What is small batch learning

A batch gradient descent

In implementing the linear perceptron algorithm, we used a gradient descent algorithm to minimize the cost function. When we update the weights, we use all of the training data. This gradient descent algorithm is called the batch gradient descent algorithm. When the training data set reaches a scale of several million or even hundreds of millions of data, the batch gradient descent algorithm is somewhat powerless. Every time the weight is updated, all records are used for evaluation, resulting in wasted costs. Therefore, at this point we can use a random gradient descent or a small batch gradient descent (100 randomly selected data).

Two stochastic gradients

The stochastic gradient descent is also referred to as iterative gradient descent or online gradient descent. The main difference between the stochastic gradient descent algorithm and the batch gradient descent algorithm is that the weight update strategy is different. The weight update process consists of the data from the entire training set, and the batch gradient descent weight update applies to the entire training set


The weight update of the stochastic gradient descent applies to individual training data


From the batch gradient descent and stochastic gradient descent weight update formulas, it can be seen that the stochastic gradient descent weight update is more frequent than the batch gradient descent weight update because the batch gradient descent weight is updated only once for the entire training set. And the number of times the stochastic gradient descent is updated is equal to the size of the training set. Compared to the batch gradient descent, the convergence speed of the stochastic gradient descent is faster. Since the stochastic gradient weight update is based on a single training sample, the error surface is not as smooth as the gradient descent, which also makes it easier for the stochastic gradient descent to jump out of a small range of local optimal solutions. Let's compare the change in the stochastic gradient descent loss function to the number of iterations and the change in the batch gradient descent function to the number of iterations. Since the value of the lgx function is less than 0 for x <1, the speed of convergence of the stochastic gradient descent can be clearly seen. Faster than batch gradient descent


In order to get more accurate results through stochastic gradient descent, it is very important to train the training data in a random manner. Therefore, each iteration must interrupt the training set to prevent entering the loop. Using the stochastic gradient descent algorithm, we can adjust the learning rate η of the stochastic gradient descent algorithm according to the number of iterations, e.g. B. c1 / (η + c2), where c1 and c2 are constants. If you have to be careful, the optimal solution obtained by the stochastic gradient descent algorithm is not necessarily the global optimal solution, but tends to be the global optimal solution. By using an adaptive learning rate, the global optimal solution can be further approached.

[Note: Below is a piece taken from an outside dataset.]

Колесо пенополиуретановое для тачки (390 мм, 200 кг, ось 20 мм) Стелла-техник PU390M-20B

Python implements a stochastic gradient descent algorithm

Three, stochastic gradient descent algorithms implement online learning

We can also apply the stochastic gradient descent algorithm to an online learning system. The online learning system trains the model in real time when new data is generated without resetting the weight of the model. This algorithm is typically used in massive data and web systems. This algorithm can also reduce the cost of storing data. After the training is over, we can save the model and then discard the data.

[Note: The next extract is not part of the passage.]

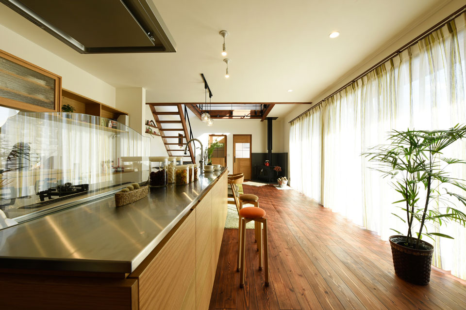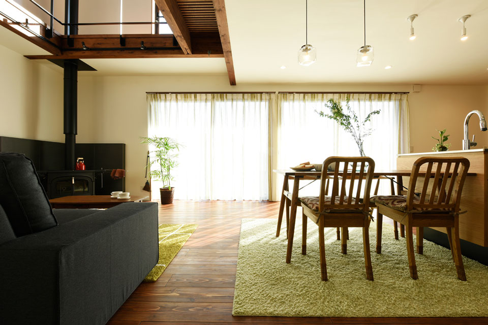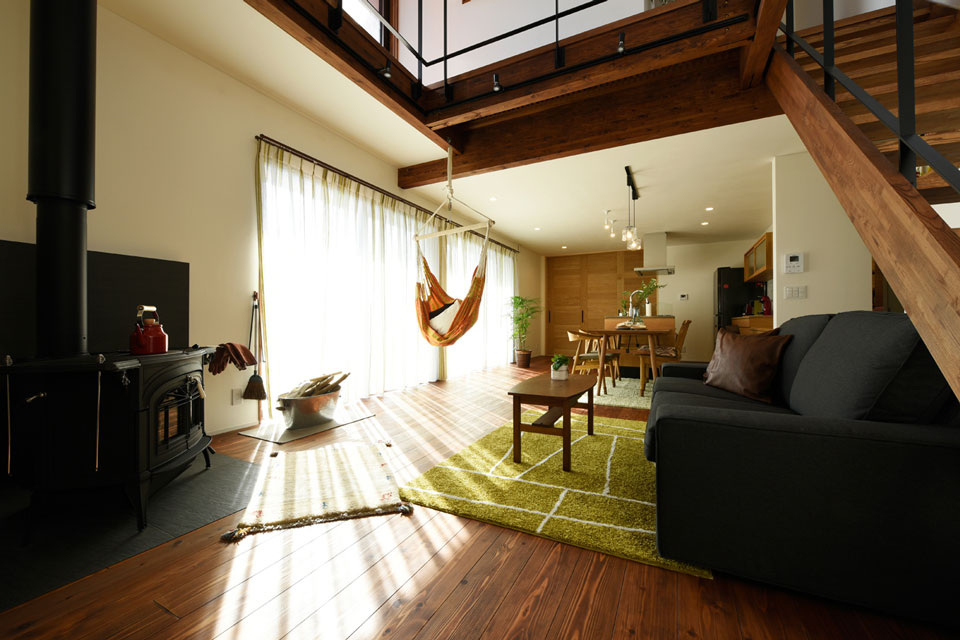 マイ工務店を選ばれたのは、規格が決まっているハウスメーカーと違って設計が自由なところが理由だったそう。また、「SE構法を採用されているのもポイントでしたね。それと、断熱材にアイシネンが使われていることも。ここは、標高が500メートルほどあるので、冬は寒いんです。日によっては、マイナス6、7度になる朝もあるんですよ」と、ご主人。そのため、家づくりの当初から、設置を希望されていたのが薪ストーブ。マイ工務店のモデルハウスにあるものより、大きなタイプが設置されています。

Python implementation code

Four, small batch learning

The small batch learning algorithm is located between the random gradient descent algorithm and the batch gradient descent algorithm. Each time the small batch learning algorithm is trained, 50 or 100 pieces of data are randomly selected from the training set for training. Usually this method is used to compare Many. Compared to the batch gradient descent, its weights are updated more frequently and the speed of convergence is faster. Compared to stochastic gradient descent, we can use vector operations to replace the for loop and improve the algorithm's performance.